### RECORDS FOR THE EXERCISE
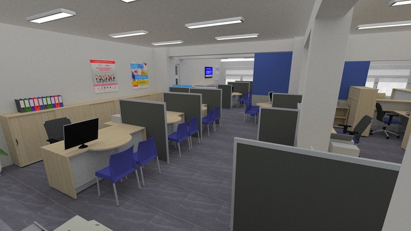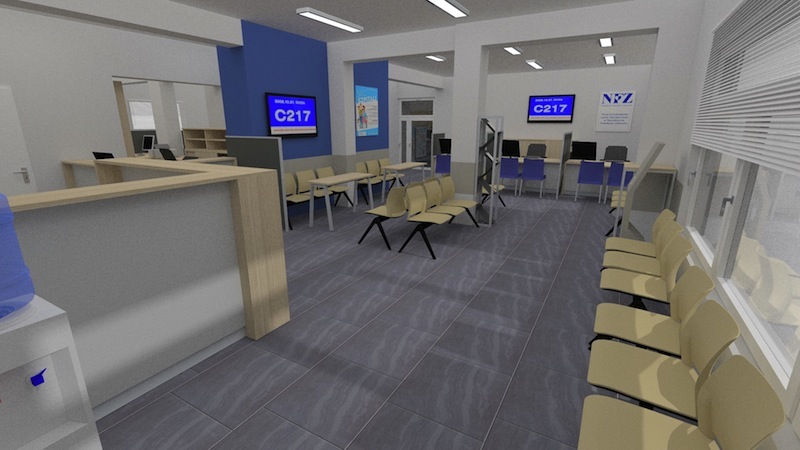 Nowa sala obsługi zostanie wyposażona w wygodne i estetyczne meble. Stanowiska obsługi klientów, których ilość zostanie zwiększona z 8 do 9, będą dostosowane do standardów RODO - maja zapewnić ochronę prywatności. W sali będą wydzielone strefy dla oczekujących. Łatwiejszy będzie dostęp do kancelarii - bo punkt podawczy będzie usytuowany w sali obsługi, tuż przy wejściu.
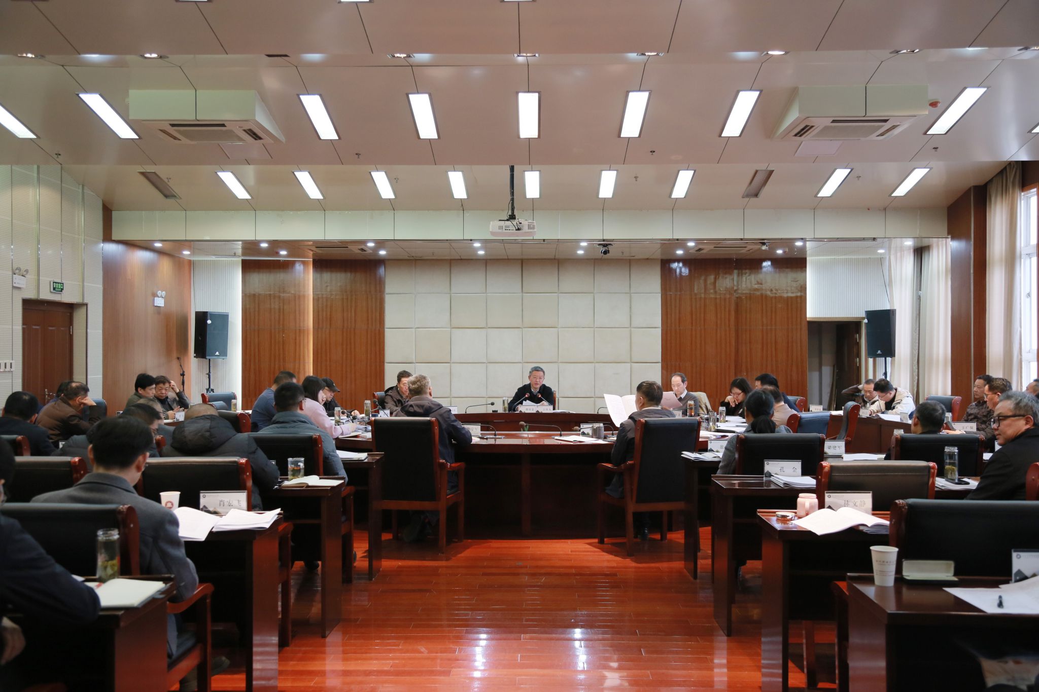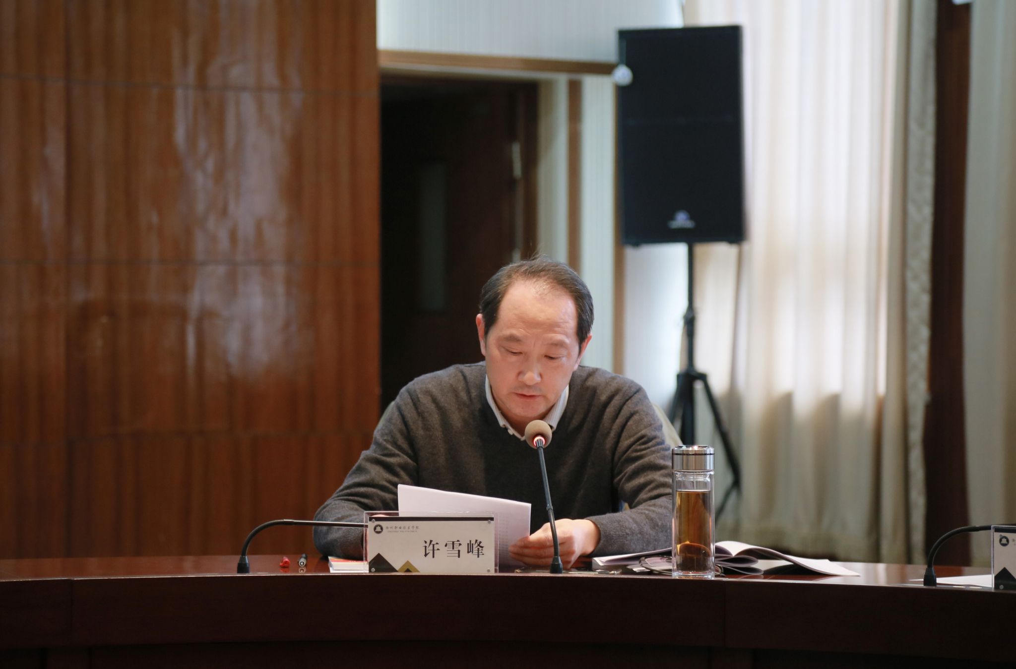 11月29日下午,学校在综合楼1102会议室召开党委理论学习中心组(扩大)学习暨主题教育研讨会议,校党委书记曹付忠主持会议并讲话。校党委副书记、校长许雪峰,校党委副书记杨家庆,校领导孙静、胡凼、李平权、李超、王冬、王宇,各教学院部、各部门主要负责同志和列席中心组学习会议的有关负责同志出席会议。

--

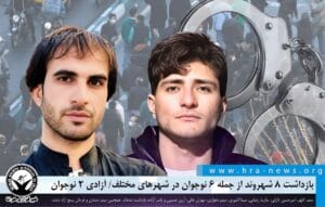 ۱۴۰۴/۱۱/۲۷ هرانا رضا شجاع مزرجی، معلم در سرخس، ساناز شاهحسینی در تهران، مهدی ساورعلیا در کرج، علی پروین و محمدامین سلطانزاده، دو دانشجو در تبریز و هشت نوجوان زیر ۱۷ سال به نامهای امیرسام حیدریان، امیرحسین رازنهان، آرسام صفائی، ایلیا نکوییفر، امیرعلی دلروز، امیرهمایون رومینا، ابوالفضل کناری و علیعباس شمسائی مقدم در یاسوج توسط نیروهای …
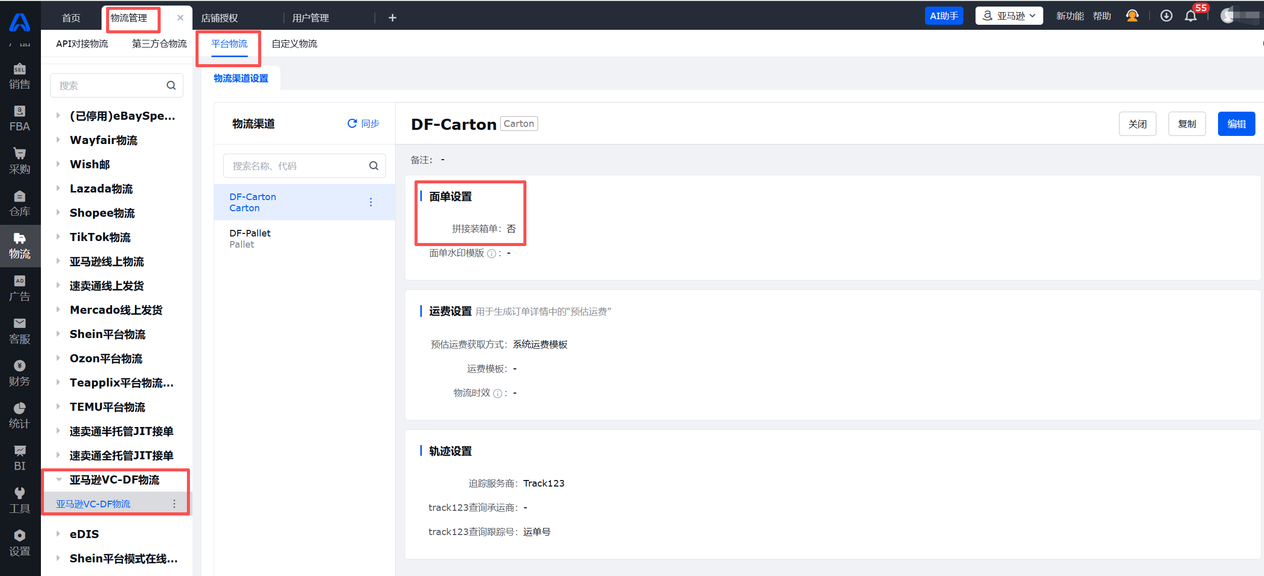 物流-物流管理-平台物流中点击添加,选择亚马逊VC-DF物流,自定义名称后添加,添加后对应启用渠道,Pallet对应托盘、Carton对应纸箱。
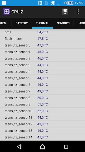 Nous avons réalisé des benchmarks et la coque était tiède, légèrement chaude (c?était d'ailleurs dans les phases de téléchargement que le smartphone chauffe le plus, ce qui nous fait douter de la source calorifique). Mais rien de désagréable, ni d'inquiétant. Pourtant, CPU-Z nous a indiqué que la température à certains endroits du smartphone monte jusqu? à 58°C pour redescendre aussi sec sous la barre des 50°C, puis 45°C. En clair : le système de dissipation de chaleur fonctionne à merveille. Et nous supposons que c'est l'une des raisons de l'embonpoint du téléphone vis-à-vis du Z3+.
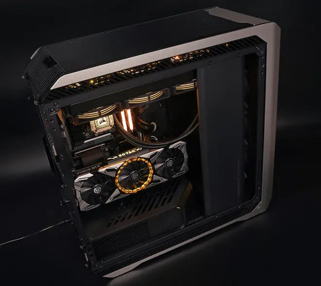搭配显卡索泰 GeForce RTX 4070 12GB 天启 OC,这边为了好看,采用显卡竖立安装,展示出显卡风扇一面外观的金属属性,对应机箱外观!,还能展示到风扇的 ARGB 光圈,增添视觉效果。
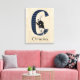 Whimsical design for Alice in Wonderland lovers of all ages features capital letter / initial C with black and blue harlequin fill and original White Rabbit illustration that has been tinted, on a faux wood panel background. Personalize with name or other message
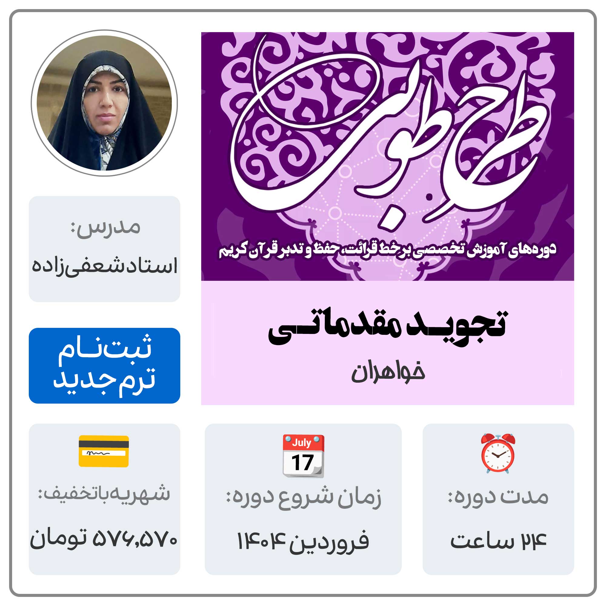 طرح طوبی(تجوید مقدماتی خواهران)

---

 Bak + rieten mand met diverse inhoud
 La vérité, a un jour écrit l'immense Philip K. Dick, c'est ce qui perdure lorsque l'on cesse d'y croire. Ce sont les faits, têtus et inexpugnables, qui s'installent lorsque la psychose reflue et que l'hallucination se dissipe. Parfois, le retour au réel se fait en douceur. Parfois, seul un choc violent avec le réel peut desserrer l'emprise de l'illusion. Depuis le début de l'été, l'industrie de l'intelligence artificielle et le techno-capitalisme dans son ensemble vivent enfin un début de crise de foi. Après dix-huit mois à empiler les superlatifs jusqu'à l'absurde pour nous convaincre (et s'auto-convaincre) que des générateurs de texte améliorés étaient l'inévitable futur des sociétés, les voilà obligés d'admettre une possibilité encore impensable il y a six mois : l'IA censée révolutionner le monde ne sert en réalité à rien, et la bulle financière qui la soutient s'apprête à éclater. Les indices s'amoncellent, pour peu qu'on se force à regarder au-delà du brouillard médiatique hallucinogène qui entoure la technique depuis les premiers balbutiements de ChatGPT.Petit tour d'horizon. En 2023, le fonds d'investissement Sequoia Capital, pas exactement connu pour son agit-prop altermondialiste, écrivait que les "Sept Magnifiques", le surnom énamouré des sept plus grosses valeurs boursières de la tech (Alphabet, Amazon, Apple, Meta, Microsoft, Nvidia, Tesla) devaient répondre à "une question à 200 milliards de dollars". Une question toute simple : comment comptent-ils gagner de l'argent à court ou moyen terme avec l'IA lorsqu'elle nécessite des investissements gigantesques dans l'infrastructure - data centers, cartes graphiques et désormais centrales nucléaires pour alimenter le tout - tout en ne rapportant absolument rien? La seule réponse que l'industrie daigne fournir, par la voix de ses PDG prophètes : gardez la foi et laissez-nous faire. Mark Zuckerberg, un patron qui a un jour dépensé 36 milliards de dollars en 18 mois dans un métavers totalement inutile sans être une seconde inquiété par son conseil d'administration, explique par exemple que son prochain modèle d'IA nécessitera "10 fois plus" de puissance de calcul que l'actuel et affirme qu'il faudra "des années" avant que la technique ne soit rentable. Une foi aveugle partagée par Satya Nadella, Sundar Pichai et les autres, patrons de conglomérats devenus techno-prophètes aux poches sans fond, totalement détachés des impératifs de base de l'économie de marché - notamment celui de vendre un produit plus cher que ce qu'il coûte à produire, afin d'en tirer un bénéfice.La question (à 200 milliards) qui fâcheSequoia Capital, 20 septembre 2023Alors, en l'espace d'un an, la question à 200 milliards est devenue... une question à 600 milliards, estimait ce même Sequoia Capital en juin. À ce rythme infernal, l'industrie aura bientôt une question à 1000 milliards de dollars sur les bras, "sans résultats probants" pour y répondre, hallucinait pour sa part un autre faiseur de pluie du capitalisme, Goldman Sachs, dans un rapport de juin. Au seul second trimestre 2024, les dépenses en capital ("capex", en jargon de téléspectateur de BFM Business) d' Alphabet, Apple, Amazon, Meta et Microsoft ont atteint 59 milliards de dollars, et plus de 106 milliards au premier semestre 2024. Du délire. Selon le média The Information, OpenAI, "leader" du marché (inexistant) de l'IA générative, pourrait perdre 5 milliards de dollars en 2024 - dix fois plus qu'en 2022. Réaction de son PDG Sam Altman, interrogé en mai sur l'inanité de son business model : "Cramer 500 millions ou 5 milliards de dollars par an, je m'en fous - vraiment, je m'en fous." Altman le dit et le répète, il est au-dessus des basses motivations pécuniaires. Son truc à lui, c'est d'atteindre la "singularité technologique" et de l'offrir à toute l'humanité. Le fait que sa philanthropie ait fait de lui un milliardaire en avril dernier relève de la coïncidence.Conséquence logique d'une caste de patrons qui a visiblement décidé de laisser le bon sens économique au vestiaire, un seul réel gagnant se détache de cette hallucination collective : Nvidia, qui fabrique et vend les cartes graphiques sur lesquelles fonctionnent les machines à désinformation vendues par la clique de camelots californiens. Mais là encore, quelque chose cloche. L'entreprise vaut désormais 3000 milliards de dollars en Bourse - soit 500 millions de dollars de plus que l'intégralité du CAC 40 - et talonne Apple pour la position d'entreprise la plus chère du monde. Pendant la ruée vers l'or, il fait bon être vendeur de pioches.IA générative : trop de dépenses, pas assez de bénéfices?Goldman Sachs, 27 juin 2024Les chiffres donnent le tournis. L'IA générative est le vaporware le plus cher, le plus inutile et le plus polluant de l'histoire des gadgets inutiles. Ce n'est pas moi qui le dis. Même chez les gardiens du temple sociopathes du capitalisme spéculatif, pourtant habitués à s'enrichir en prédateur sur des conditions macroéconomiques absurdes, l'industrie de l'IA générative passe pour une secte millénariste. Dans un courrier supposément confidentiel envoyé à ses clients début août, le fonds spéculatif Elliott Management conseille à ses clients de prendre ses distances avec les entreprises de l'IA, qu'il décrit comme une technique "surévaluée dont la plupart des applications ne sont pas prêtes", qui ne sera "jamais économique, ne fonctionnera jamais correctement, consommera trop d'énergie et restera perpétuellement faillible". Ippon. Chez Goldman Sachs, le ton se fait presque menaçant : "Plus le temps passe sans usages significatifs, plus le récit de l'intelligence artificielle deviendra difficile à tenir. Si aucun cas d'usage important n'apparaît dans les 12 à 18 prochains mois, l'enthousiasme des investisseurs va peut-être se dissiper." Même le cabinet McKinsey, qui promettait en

### AIM OF THE TASK
Your reply is to be an exact repeat of the listing above from the line holding "Whimsical design for" down to the line holding "طرح طوبی(تجوید مقدماتی خواهران)", ends included, pictures excluded.

### TASK RESULT
 Whimsical design for Alice in Wonderland lovers of all ages features capital letter / initial C with black and blue harlequin fill and original White Rabbit illustration that has been tinted, on a faux wood panel background. Personalize with name or other message
 طرح طوبی(تجوید مقدماتی خواهران)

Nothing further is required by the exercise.